### WHAT YOU HAVE TO DO
Look below for the line that contains "вискоза,65% п/э,5% лайкра" and the line that contains "Murais de parede", then restate both of them and every line in between, exactly. No picture goes in the copy.

Stored data
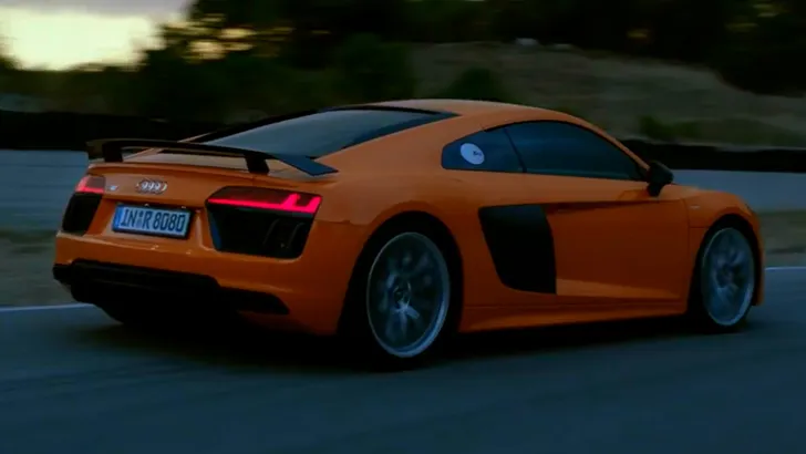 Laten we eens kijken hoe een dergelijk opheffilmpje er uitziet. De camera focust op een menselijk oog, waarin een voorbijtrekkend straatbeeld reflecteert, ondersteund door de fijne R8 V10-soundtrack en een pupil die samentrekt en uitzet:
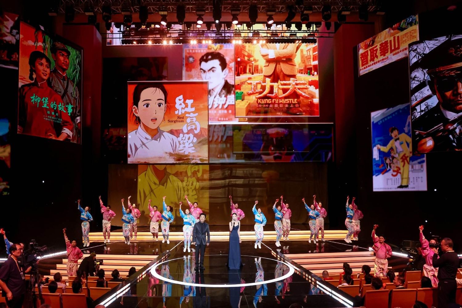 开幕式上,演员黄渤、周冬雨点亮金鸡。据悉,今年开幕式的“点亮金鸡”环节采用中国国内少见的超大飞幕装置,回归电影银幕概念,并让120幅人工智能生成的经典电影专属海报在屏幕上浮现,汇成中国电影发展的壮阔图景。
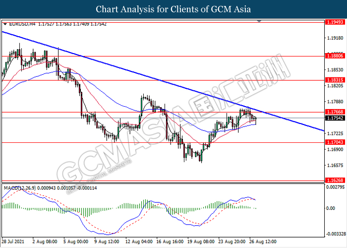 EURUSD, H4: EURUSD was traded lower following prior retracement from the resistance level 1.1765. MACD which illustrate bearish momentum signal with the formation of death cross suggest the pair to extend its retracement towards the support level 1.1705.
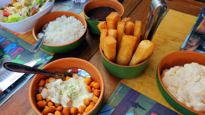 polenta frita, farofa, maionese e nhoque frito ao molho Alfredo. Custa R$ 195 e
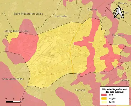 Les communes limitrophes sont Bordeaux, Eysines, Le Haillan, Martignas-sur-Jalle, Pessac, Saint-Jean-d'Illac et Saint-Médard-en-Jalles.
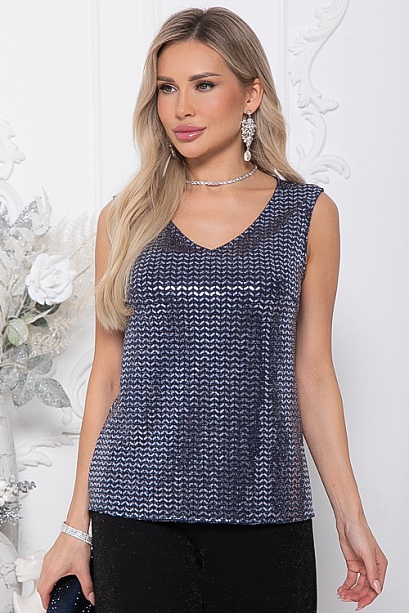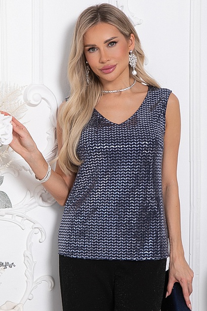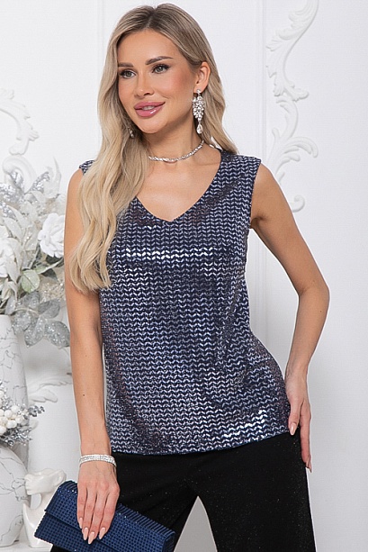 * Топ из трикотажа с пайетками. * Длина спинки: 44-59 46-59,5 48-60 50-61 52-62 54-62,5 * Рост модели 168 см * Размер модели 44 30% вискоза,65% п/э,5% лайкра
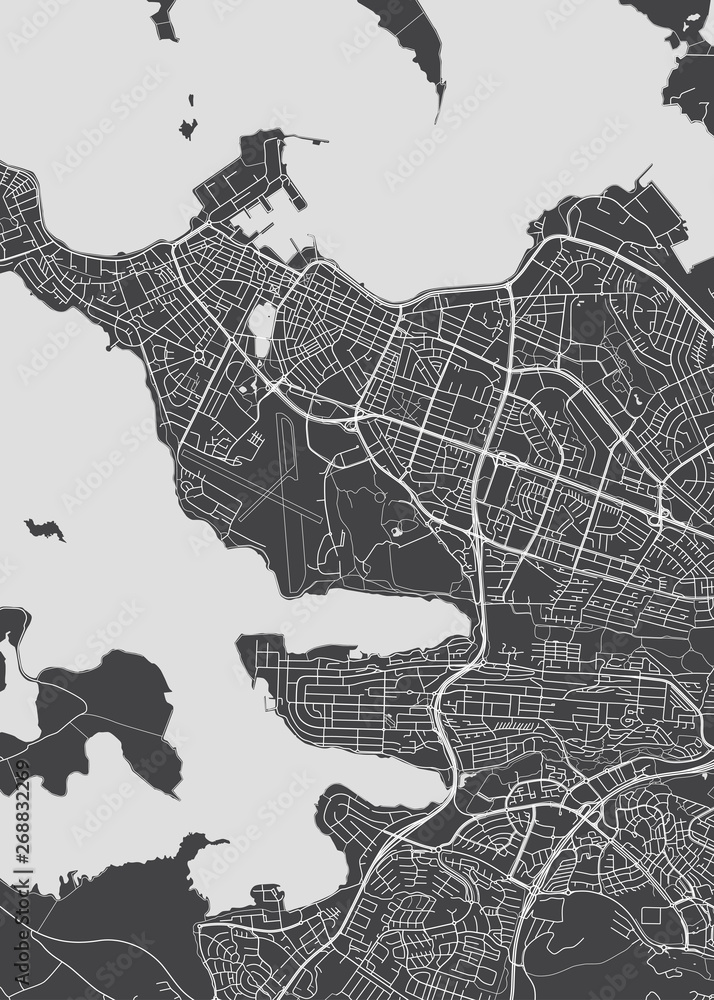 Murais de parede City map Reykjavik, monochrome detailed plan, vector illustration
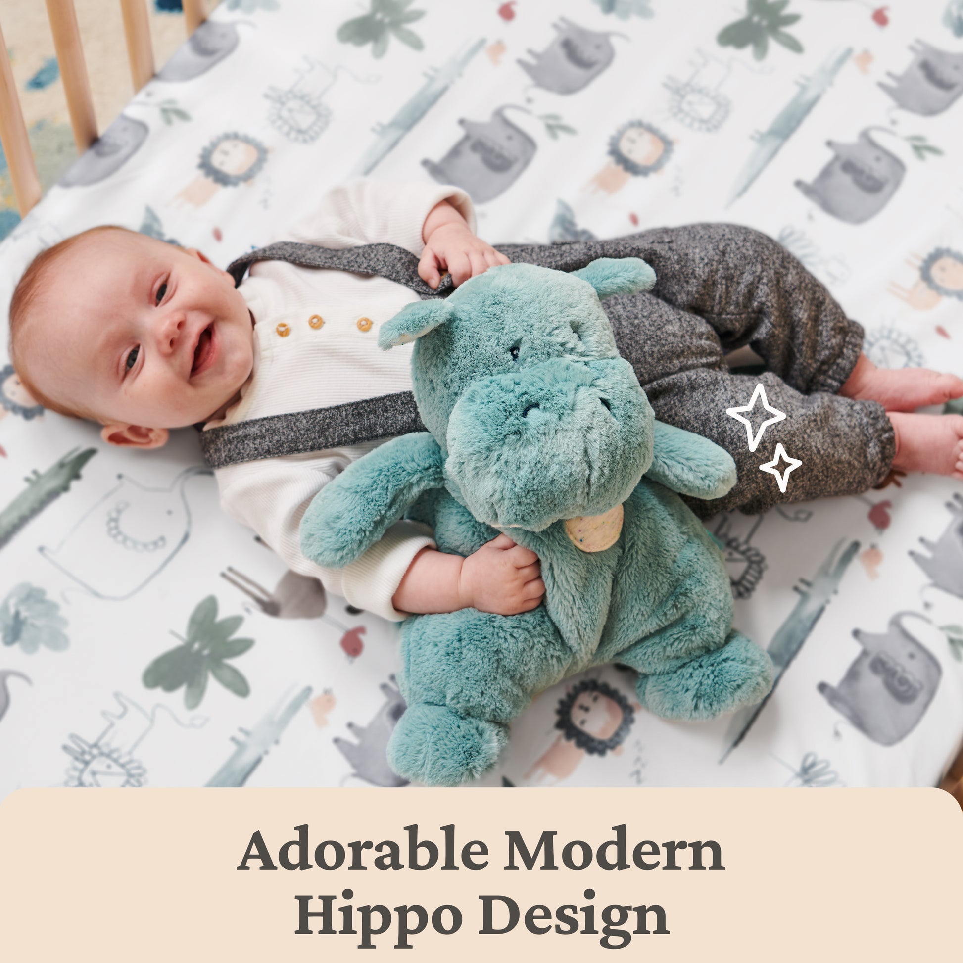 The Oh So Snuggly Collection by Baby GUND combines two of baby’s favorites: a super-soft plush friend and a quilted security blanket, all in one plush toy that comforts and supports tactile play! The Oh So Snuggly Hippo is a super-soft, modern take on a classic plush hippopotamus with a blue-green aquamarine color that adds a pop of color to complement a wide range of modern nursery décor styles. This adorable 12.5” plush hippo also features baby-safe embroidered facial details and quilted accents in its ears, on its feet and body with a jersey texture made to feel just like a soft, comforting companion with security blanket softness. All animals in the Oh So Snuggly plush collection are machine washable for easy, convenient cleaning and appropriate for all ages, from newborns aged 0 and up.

### RESULT
 * Топ из трикотажа с пайетками. * Длина спинки: 44-59 46-59,5 48-60 50-61 52-62 54-62,5 * Рост модели 168 см * Размер модели 44 30% вискоза,65% п/э,5% лайкра
 Murais de parede City map Reykjavik, monochrome detailed plan, vector illustration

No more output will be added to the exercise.